By the time their relationship changed from a close friendship to a comfortable romance, Shah Rukh was acting in two television series directed by Lekh Tandon. This meant he had less and less time to spend with Gauri. In the meantime, there were changes taking place in Gauri’s life too. She’d graduated from Lady Shri Ram College and had joined a course in fashion designing at the National Institute of Fashion Technology. But, more and more, she was growing apprehensive about the future of their relationship. She knew her parents wouldn’t take kindly to a Muslim boyfriend. And she also hated the fact that Shah Rukh was an actor.

***

Now came the time to break the news to Gauri’s family…

***

Looking back, Shah Rukh wonders at the audacity with which he’d planned his life then. Here’s the replay:

“I told her parents that I wanted to marry her. And I was working.

‘What do you do?’

‘I act … in films … my movies are coming out.’

An awkward silence.”

***

Finally, with her parents’ consent, an Arya Samaj wedding was fixed for October 25, 1992. The court marriage took place a couple of months earlier, on August 26. But, in a bizarre turn of events, [his friend from his theatre days] Sunjoy [Roy] started to face the flak for his friend’s interfaith marriage. Every morning, several Islamic organisations would shout slogans outside his house. In the evenings, Hindu extremists would occupy this space. Occasionally, Sunjoy would try to go out and reason with them, only to lose his resolve midway. Both parties had got wind of the marriage through the court notice. But why were they agitating outside Sunjoy’s house? Shah Rukh, with great foresight, had given the court this address as his own.

***

Shah Rukh, of course, didn’t help matters with his loud mouth. The day before their Arya Samaj wedding, the entire Punjabi family had gathered at Gauri’s house for the sangeet. The women were pelting out folk songs. The elders were sitting close by. Just then, the azaan could be heard from a nearby mosque. “Just think of it, the whole family was there and an old lady was sitting near me, and I could tell that they were beginning to like me. Then the azaan resounded and I said, ‘Chalo Gauri, let’s go, namaz padhne chalte hain (Come Gauri, let’s go read the namaz)’.” The silence was deafening. Shah Rukh sighs, “Gauri didn’t like my jokes then.” A pause later, “Not that she likes them now.”

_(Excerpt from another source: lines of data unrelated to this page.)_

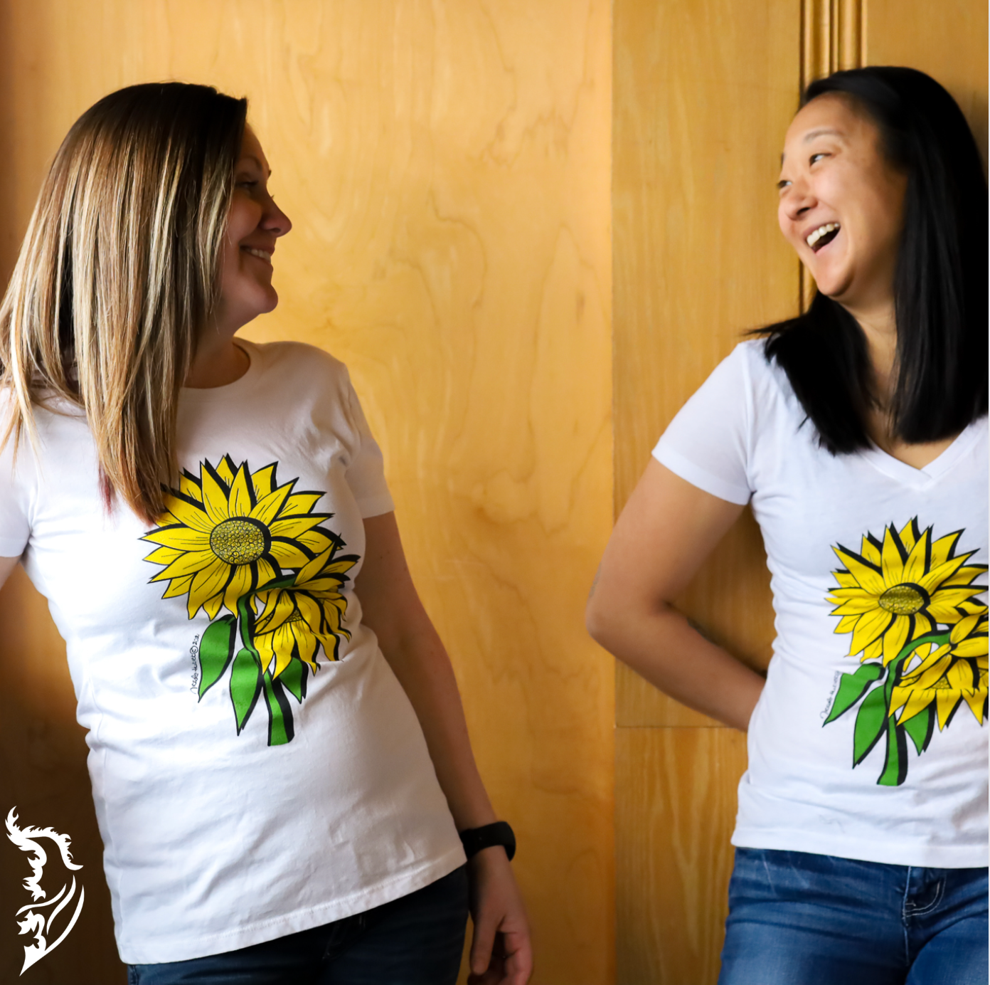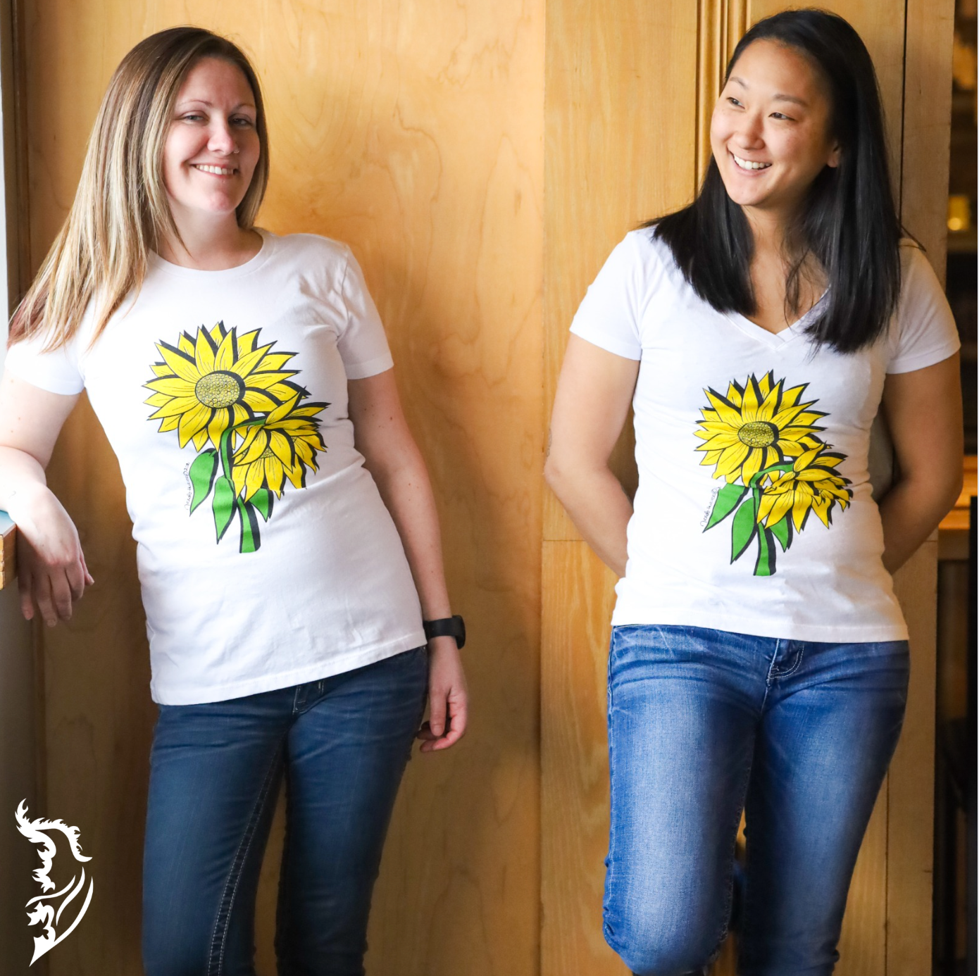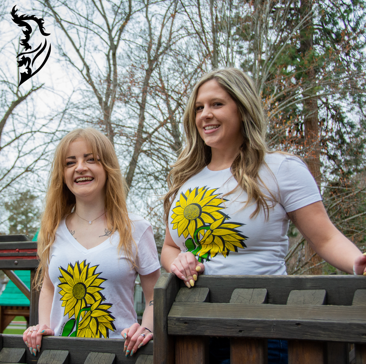 Sunflower Design on front center, Angel Wing logo on back right corner, Available in Crew or V-neck
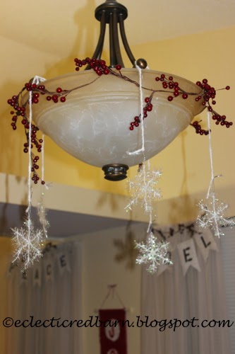 This was very easy and rather cheap. I saw this light decorated on Pinterest for Christmas and for some reason it stayed with me. So when I had finished my banners, the light looked so plain. I still had some berries left and the light called to me.
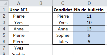 Vous déterminez avec la fonction NB.SI le nombre de votes recueilli par chaque personne dans l'urne N°1
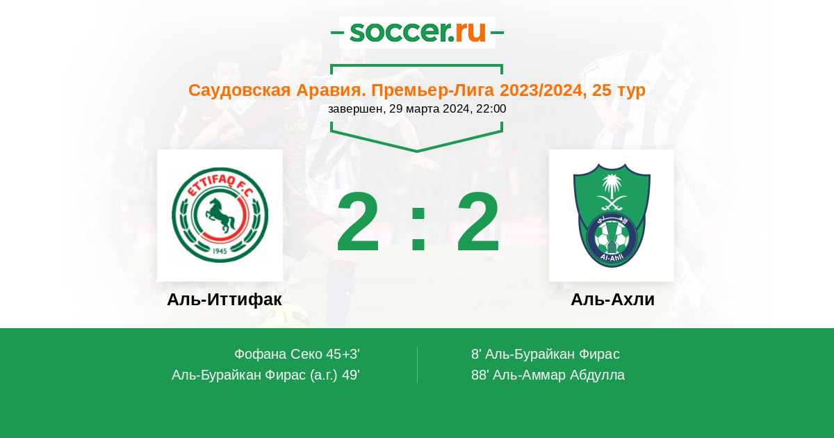 49' (2:1) Автогол Аль-Бурайкан Фирас (20)
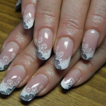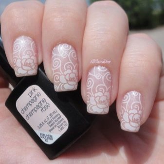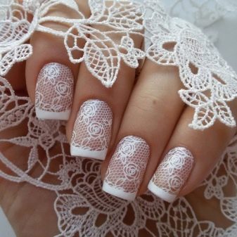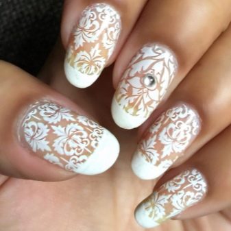 But that's not all, modern fashion offers girls stamping - it's a veil manicure on a white background. The technology is used in a simple and gel manicure. The nail is simply covered with a colorless base, then stamping is applied - a drop of white varnish is spread with a spatula over the nail plate. To achieve the effect of lace, you can take advantage of the tricks of the masters. To do this, you need to mix a drop of white in a transparent varnish and apply on top of an already made pattern.
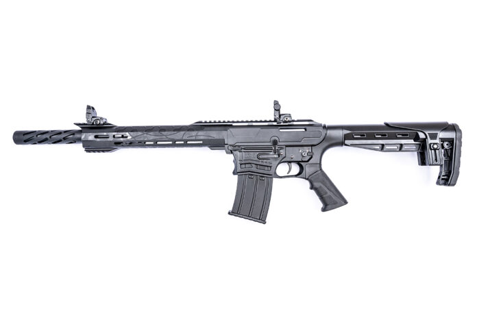 People either tend to love AR-style shotguns or hate them. The biggest complaint inevitably is the magazine. 12-gauge AR style magazines do not load quickly. They take a little practice and technique. But if you have several of them loaded, switching them out is super-fast. I loved the ergonomics of this gun because I shoot a lot of AR-15s. We had a few times when the gun failed to go fully into battery. This may be a “breaking in” period, and other reviews mention the gun needing a good cleaning and sticking to high-velocity shells to make it cycle. However, for less than $400, this gun came with a lot of features. The spring-loaded, folding sights were similar to Magpul. An adjustable cheek riser, M-LOK compatible forend and a Picatinny rail for optics all come standard.
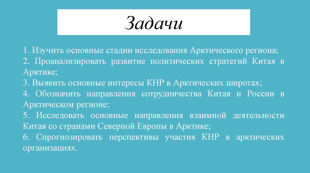 Задачи1. Изучить основные стадии исследования Арктического региона;
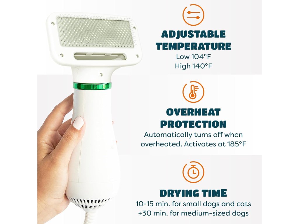 • 2v1 design: spojuje funkci kartáče a fénu – umožňuje současné česání a sušení srsti • Regulace teploty: obvykle s více stupni – šetrné k citlivé pokožce zvířat • Bezpečnost: ochrana proti přehřátí, nízká hlučnost pro pohodlné použití u domácích mazlíčků • Ergonomický tvar: snadné držení, vhodné pro delší péči • Použití: ideální pro psy, kočky a další chlupaté mazlíčky – zejména po koupání • Materiál kartáče: často s jemnými kovovými štětinami s ochrannými koncovkamiBuďte první, kdo napíše příspěvek k této položce.
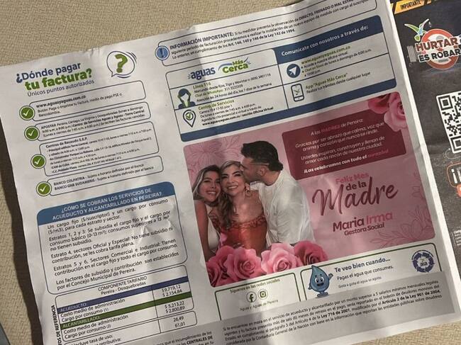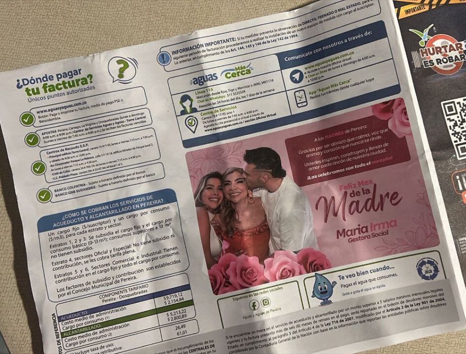 Luego de la polémica en redes sociales donde líderes políticos, denunciaron el uso de la imagen de la esposa del alcalde de Pereira, María Irma Noreña, en los recibos del servicio de Agua, decidió dar un paso al costado y dejó de ser la Gestora Social de Pereira.
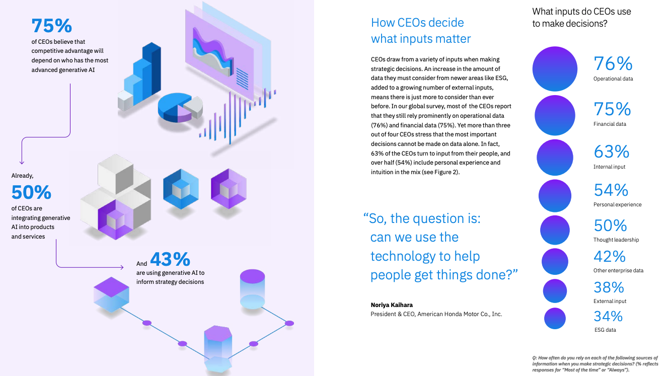 'AI 시대의 CEO 의사결정' 설문 조사에 참여한 CEO의 75%는 가장 발전된 생성 AI를 보유한 기업이 경쟁 우위를 가질 것으로 생각했으며, 43%가 전략적 결정을 내리는 생성 AI를 사용한다고 답변했다. 의사 결정을 위하 사용하는 정보는 운영 데이터, 재무 데이터, 내부 입력, 개인적 경험, 사고 리더십 등이었다. (자료 : IBM)
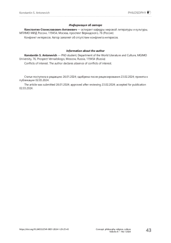Актуальность рассмотрения смыслового наполнения концепта «ужас», связывающего жанры кантри-нуар и южной готики в единую подсистему семиотики культуры, обусловлена необходимостью более детального изучения специфики как самого обобщающего концепта, так и его роли в конкретных жанрах литературы и кинематографа. Соответственно цель данного исследования — проследить особенности смысловых регистров раскрытия различных видов ужаса в философско-герменевтическом поле жанров кантри-нуар и южная готика. Для этого 1) определены теоретические основы концептуализации ужаса в названных жанрах, что предполагает выявление ключевых элементов и механизмов, через которые эти концепты реализуются; 2) проанализирован нарративный и метафорический ряды развёртывания указанных концептов в рамках конструируемых авторами жизненных миров героев художественных текстов; 3) выявлены философско-герменевтические пласты, через которые происходит раскрытие данных концептов в избранных жанрах. Методы исследования основаны на философско-герменевтическом, концептологическом и нарративном подходах в анализе ряда произведений, выбор которых был определён их жанровой принадлежностью и степенью их релевантности для того или иного вида концептуализации ужаса. В качестве примера были взяты произведения «Старикам тут не место» Кормака Маккарти, «Зимняя кость» Дэниела Вудрелла, «Соль земли» Фланнери О’Коннор, «Последний хороший поцелуй» Джеймса Крамли, «Шум и ярость» Уильяма Фолкнера, а также кинофильм «Что видел Иосия»; последовательность приведения произведений в тексте статьи обусловлена последовательностью описания выявленных видов ужаса. В результате исследования подтверждена гипотеза о том, что концептуализация ужаса как нарушения привычного хода детерминации обнаруживает себя в трёх вариантах онтологизации этого переживания: ужас неопределённого мира (детерминация, зависимая от рамок восприятия субъекта, выступающая как выражение радикального внешнего, находящегося вне власти субъекта), ужас неопределённого себя (детерминация как порядок окружающего мира при неопределённости внутреннего мира личности), ужас вторжения (детерминации смещают друг друга). Обоснован вывод, согласно которому исследование ужаса как результата нарушения привычного хода детерминации в контексте кантри-нуар и южной готики позволяет не только выявить их имплицитную философско-культурную составляющую, но и глубже понять эти жанры, а также расширить теоретическую базу анализа подобных явлений в других культурных и литературных традициях.

The auspicious time for the wedding was drawing near when Shah Rukh received a panic-stricken call. The car that was supposed to pick up Gauri from the beauty parlour had broken down. The groom rushed to pick up his bride, deposited her home and rushed back to his horse. It was a strange baraat. Halfway through, the bridegroom got off the horse and began to dance with the baraatis. Then the crowd parted as a huge elephant sauntered in. His friends now began to push the bridegroom up the elephant. It was a tough climb, but he got there eventually. When the baraat reached the venue, they found an army band playing songs from Deewana and Raju Ban Gaya Gentleman — a tribute to Shah Rukh from his father-in-law. By the time of the reception, his mother-in-law, too, had thawed enough to compliment him on his tuxedo.